The Keeper of Records

The archivist had worked in the basement for eleven years without anyone asking what she was archiving.

This was not negligence on the organization's part. They asked, periodically, how the work was going. She said: fine. They said: good. The work continued. The distinction between "how is the work going" and "what is the work" had closed, gradually, until the two questions meant the same thing.

What she was archiving: correspondence. Letters, memos, reports, telegrams. The accumulated paper of an organization that had existed for seventy-three years before anyone thought to keep any of it, and which had then overcorrected by keeping everything.

The basement held 247 filing cabinets. She had catalogued 180 of them.
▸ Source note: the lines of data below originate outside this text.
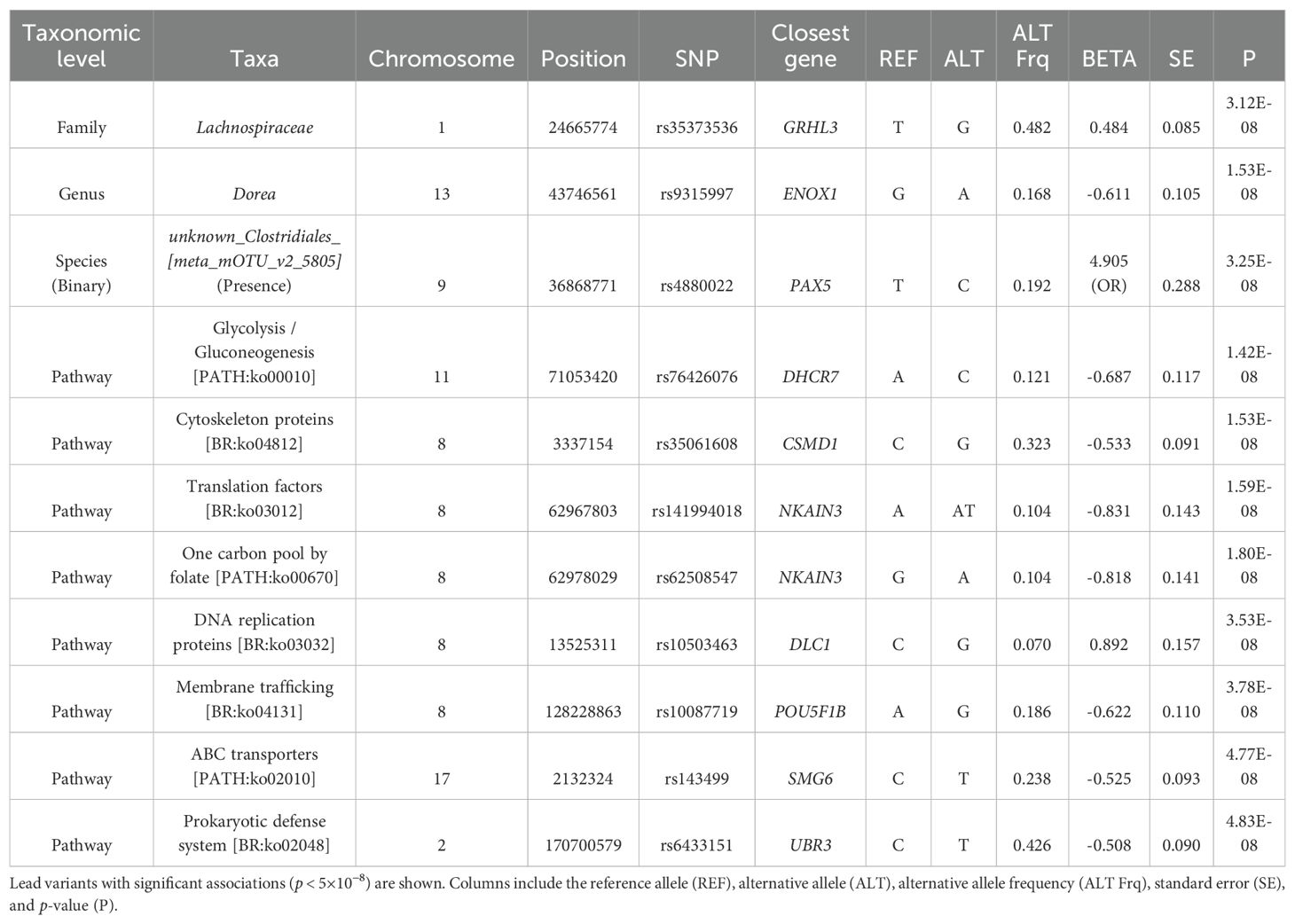 GWAS have successfully identified genetic loci associated with various human traits and diseases (Abdellaoui et al., 2023). Similarly, microbiome GWAS (mGWAS) aims to identify host genetic polymorphisms that interact with the composition and abundance of the gut microbiota. mGWAS have identified significant loci and their connection to bacterial taxa, highlighting the influence of host genetics on microbiome composition in health and disease (Awany et al., 2018).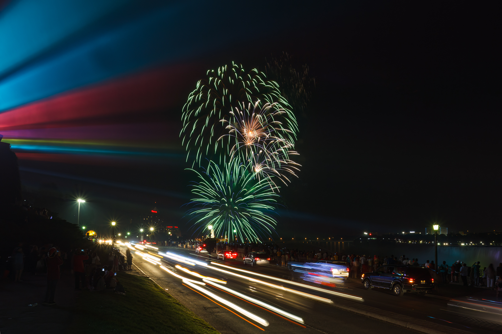 Niagara Falls, Ontario Canada: A number of years ago visiting Niagara Falls Canada we were lucky to experience the fireworks display during our stay. Niagara Tourism present the Summer Fireworks Series, See the Schedule, held daily from late May through early October sponsored by local hotels and the Niagara Parks Commission. This photo shows a fireworks burst, the lights that shine on the Canadian Horseshoe Falls, and the light trails of the vehicles passing by, showing more of the chaos of the busy activity during the fireworks show. Spend time prior to the event to get the best vantage point that works for you, using pre-visualization as a technique to help you decide.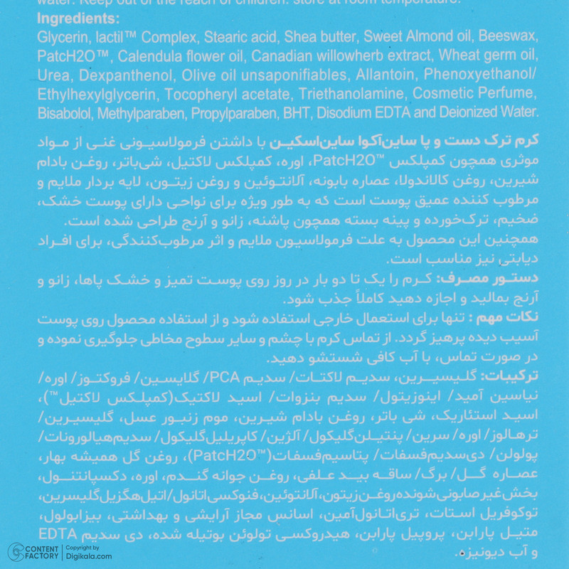 کرم ترک دست و پا ساین آکوا ساین اسکین یک محصول تخصصی برای درمان و پیشگیری از ترکهای دست و پا است. این کرم با ترکیبات موثری همچون کمپلکس Patch۲۰، اوره، کمپلکس لاکتیل، شی باتر، روغن بادام شیرین، روغن کالاندولا، عصاره بابونه، آلانتوئین و روغن زیتون، لایه بردار ملایم و مرطوب کننده عمیق پوست است که به طور ویژه برای نواحی دارای پوست خشک، ضخیم، ترک خورده و پینه بسته همچون پاشنه، زانو و آرنج طراحی شده است. همچنین به علت فرمولاسیون ملایم و اثر مرطوب کنندگی، برای افراد دیابتی نیز مناسب است.
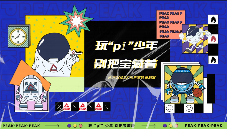 设计说明:借助" pi "的谐音,采用口号式的口吻,既是对匹克产品的呼应,也是对品牌自适应科技理念的共鸣,巧妙展现品牌痞性与不羁的产品态度,活动旨在通过对刻板的舍去和品质的加持而达到自适应的人生平衡状态。在这里,你将会参与到一场失踪案件的调查、喝到反向毒鸡汤、领略舌战群儒的启发、再来一场沉浸式场景体验,挖掘自我的无限可能。青春千面,面面发力,而匹克想告诉你的是:青春千面,面面皆宜。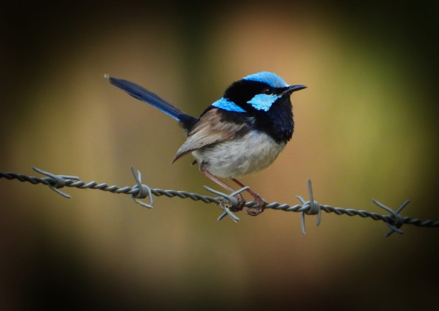 Blue Fairy Wren on barbed wire!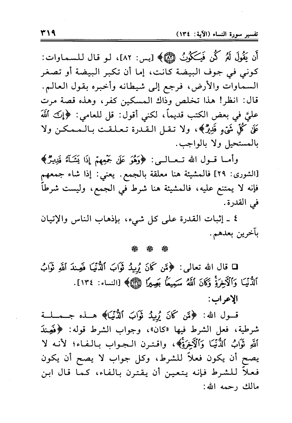 قول الله: {مَنْ كَانَ يُرِيدُ ثَوَابَ الدُّنْيَا} هذه جملة شرطية، فعل الشرط فيها "كان"، وجواب الشرط قوله: {فَعِنْدَ اللَّهِ ثَوَابُ الدُّنْيَا وَالْآخِرَةِ}، واقترن الجواب بالفاء؛ لأنه لا يصح أن يكون فعلًا للشرط، وكل جواب لا يصح أن يكون فعلًا للشرط فإنه يتعين أن يقترن بالفاء، كما قال ابن مالك رحمه الله: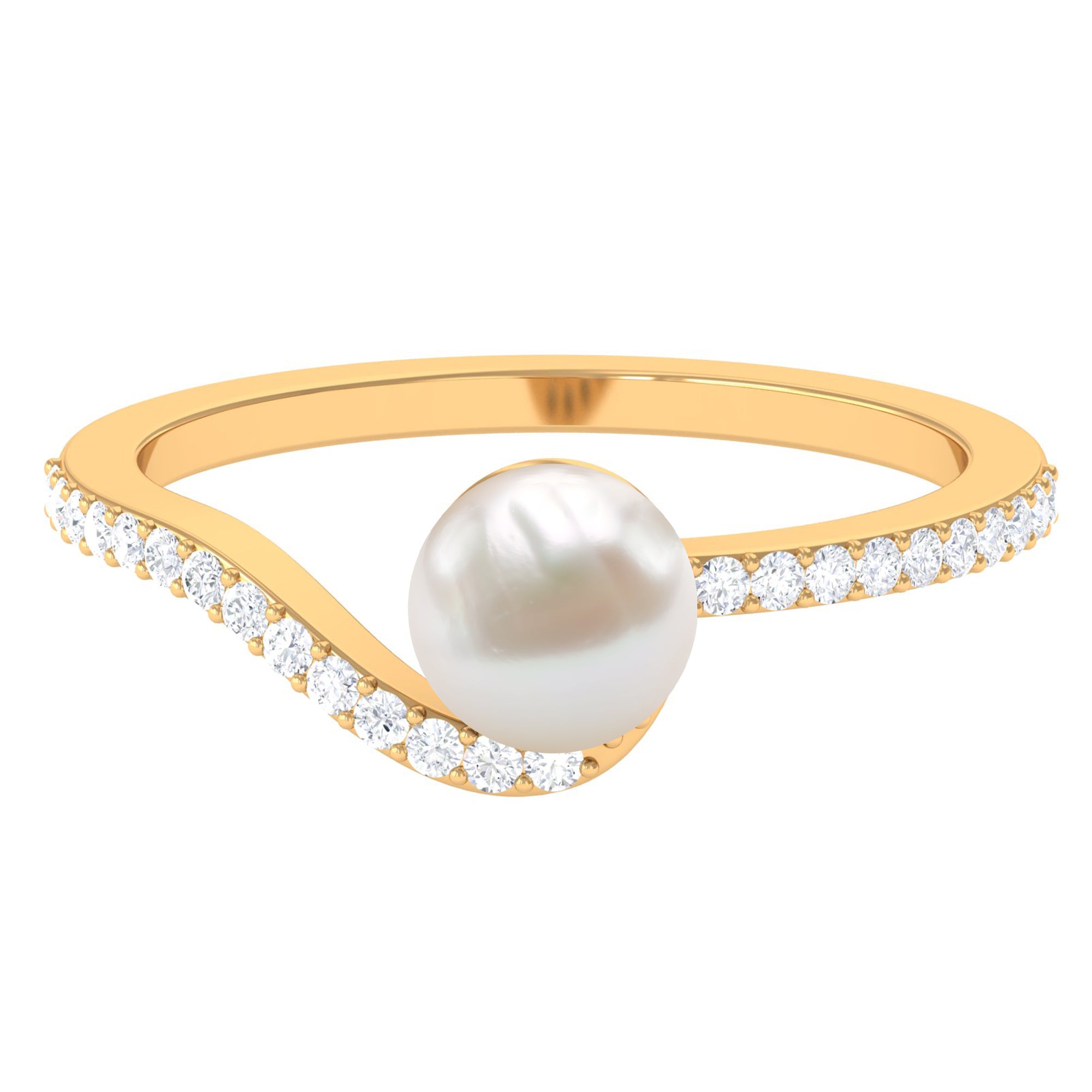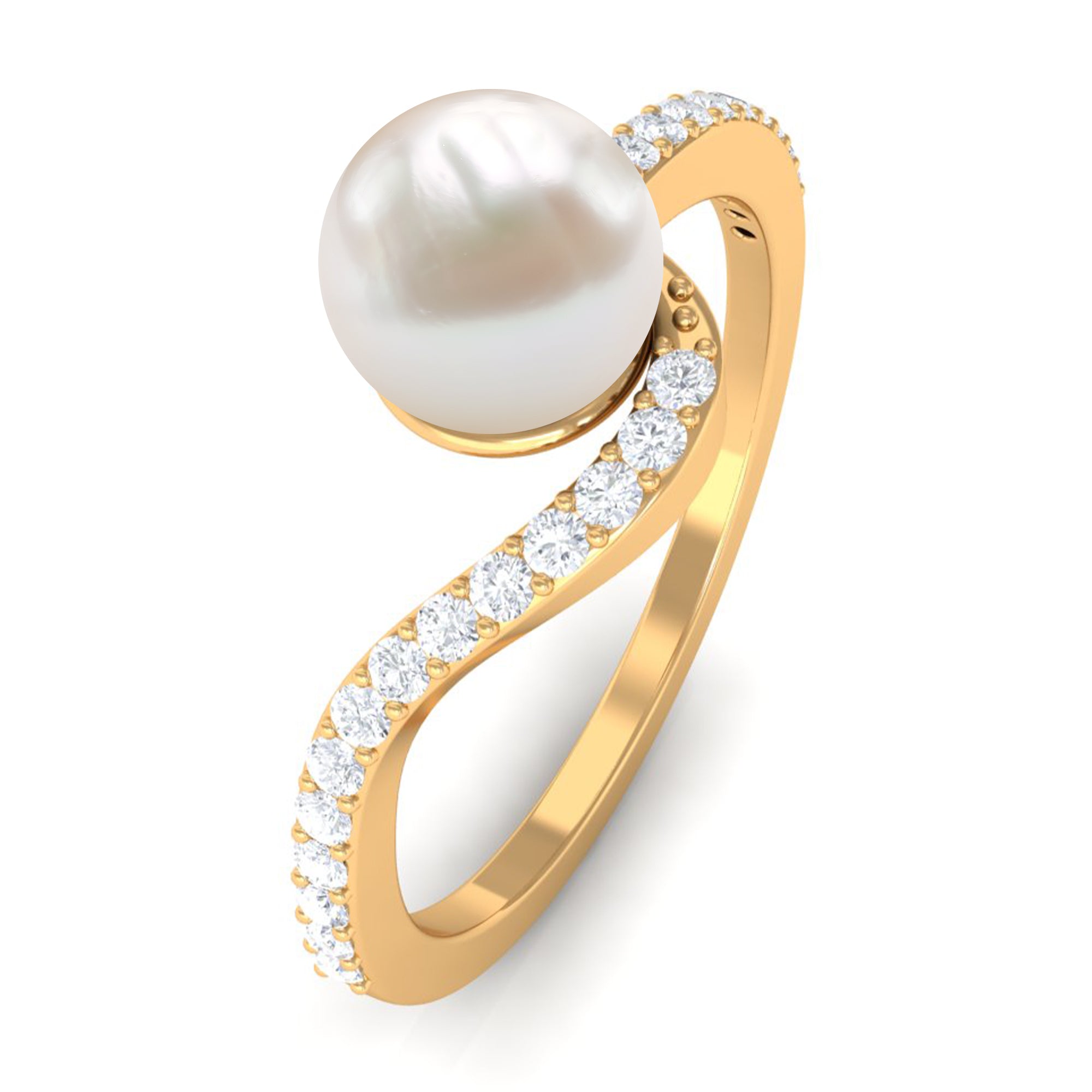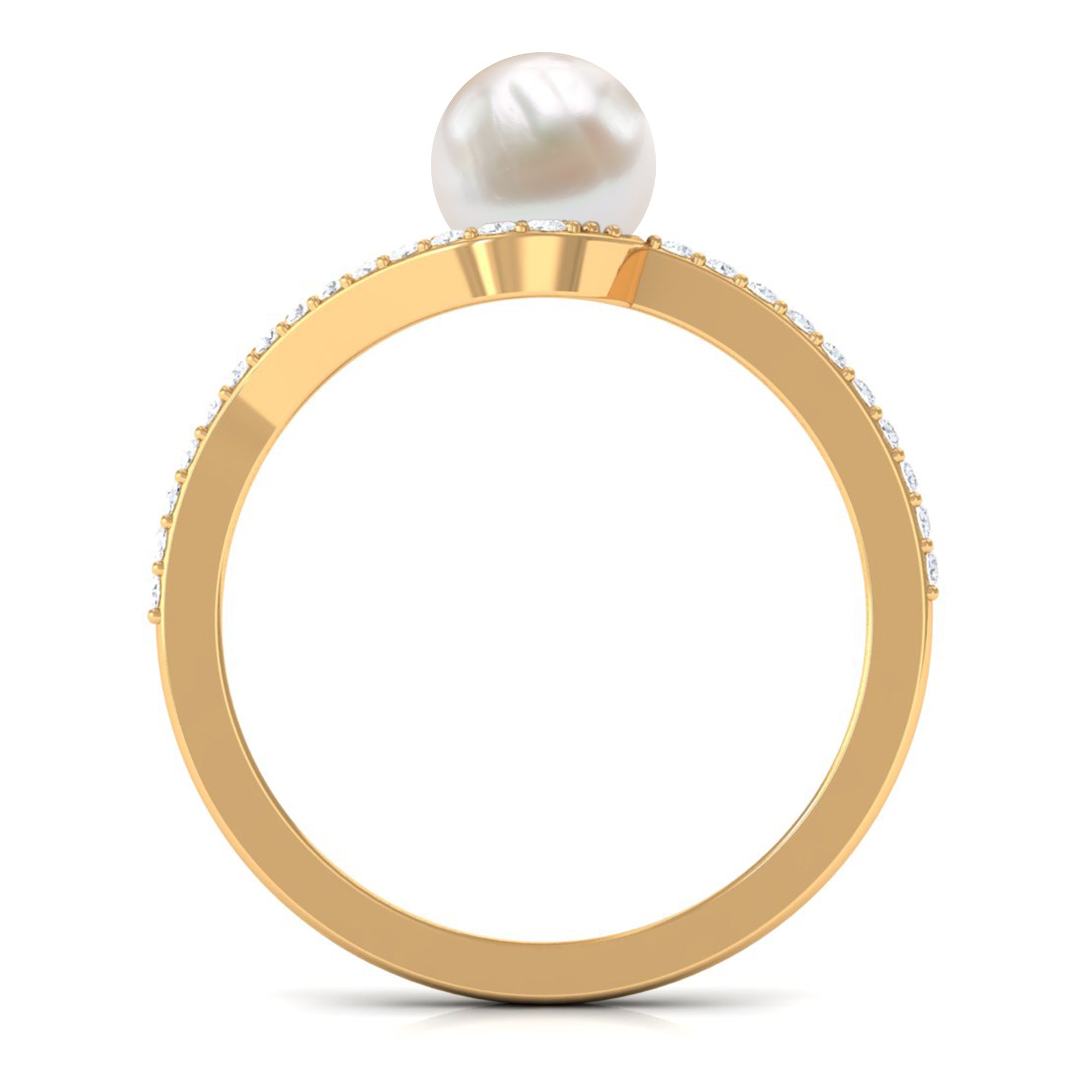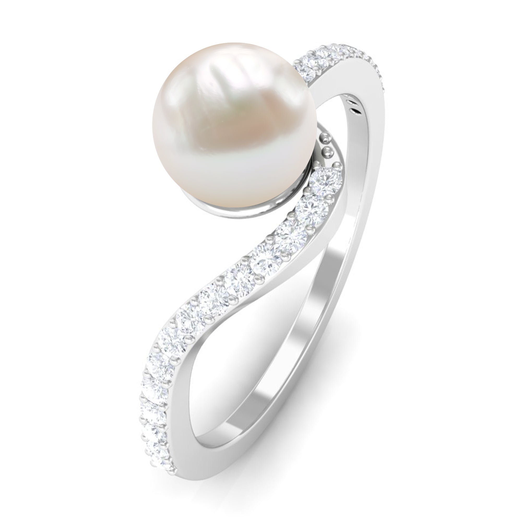 Pure Freshwater Pearl Minimal Bypass Engagement Ring with Diamond

She found, in cabinet 139, a folder labeled UNRESOLVED. Inside: forty-seven letters that had been started and not sent. They were organized by decade. The 1940s letters were handwritten. The 1970s were typed. By the 1990s, someone had started printing emails — the folder stopped at 1997.

The letters were not addressed to anyone. They began, variously:

I wanted to explain— After careful consideration— I have been thinking— There is something I should have said—

She read all forty-seven.

None of them were finished. The longest was three pages, the beginning of what would have been a very formal apology about a conference in 1961. It ended mid-sentence with what looked like a distraction — a phone number written in the margin, circled, crossed out.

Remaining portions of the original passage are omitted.